I am going to take a small break from the first series of this blog to discuss performance issues and considerations. This will only apply to data warehouses with raw data only (relational, not OLAP cubes).
So our data warehouse went into QA testing this morning and the users came back with some very interesting results. All of our pre-QA performance testing was done against the indexes that was created in our environment, so we were on the mindset that everything was golden because queries were all taking <30 seconds to return. Oh how we were wrong. It’s the normal approach of never letting a developer sign off and test his/her own work; you only test what the system exactly how it was built and have blinders on to any exceptions (that external users will definitely find).
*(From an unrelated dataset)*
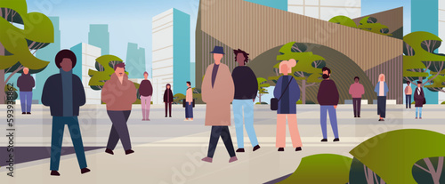 City street with coffee shop, cafe, grocery store buildings and people walking with dogs, sitting at table, shopping, flat vector illustration. Urban street architecture.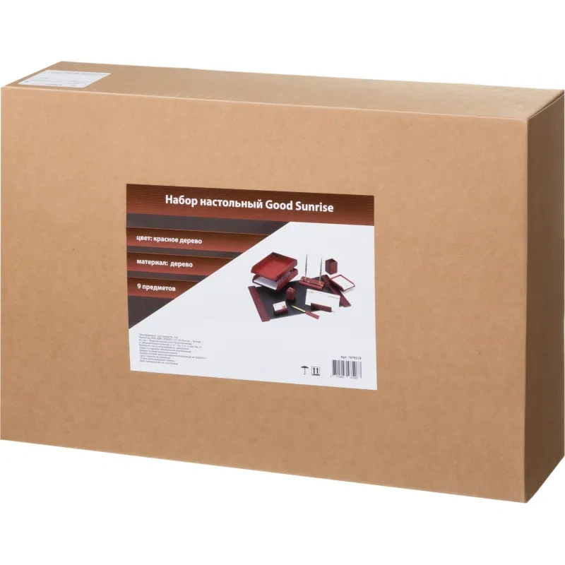 Комплектация: коврик настольный (дерево, ПВХ), подставка-держатель для ручек (дерево, металл, пластик), подставка для бумаг для заметок (дерево), подставка для визиток (дерево), подставка для ручек и карандашей (дерево), нож канцелярский для вскрытия конвертов (дерево, металл), подставка для писем (дерево), держатель-зажим (дерево), лоток для бумаг двухъярусный (дерево, металл), ручка шариковая (2 штуки).

Our main problem relates to query performance. Some ad-hoc queries were taking 15 minutes to process, while others were taking longer than an hour.
The first recommendation that I made to the DBA team was to set the database to read-only mode.
Since this DW will only be updated once a day (3:00am PST), we modified our ETL package to execute the following before any updates/writes occurred:
USE master;
ALTER DATABASE [db_DataWarehouse] SET MULTI_USER;
This allows writes and updates to occur in the DW while we are performing our ETL, and at the end of the package this code is executed to bring the state back into READ-ONLY:
USE master;
ALTER DATABASE [db_DataWarehouse] SET SINGLE_USER WITH ROLLBACK IMMEDIATE;
ALTER DATABASE [db_DataWarehouse] SET READ_ONLY;
Setting this option in the DW has increased query performance by an avg of 25% (I will post actual before & after results on this later). This is because the overhead of having to lock rows and tables is eliminated because the optimizer knows that locking is not necessary.
Granted, this is only 1 tip to improving the ad-hoc query performance against our DW. As more improvements are made, I will be sure to share them here.
Cheers,
- Reagan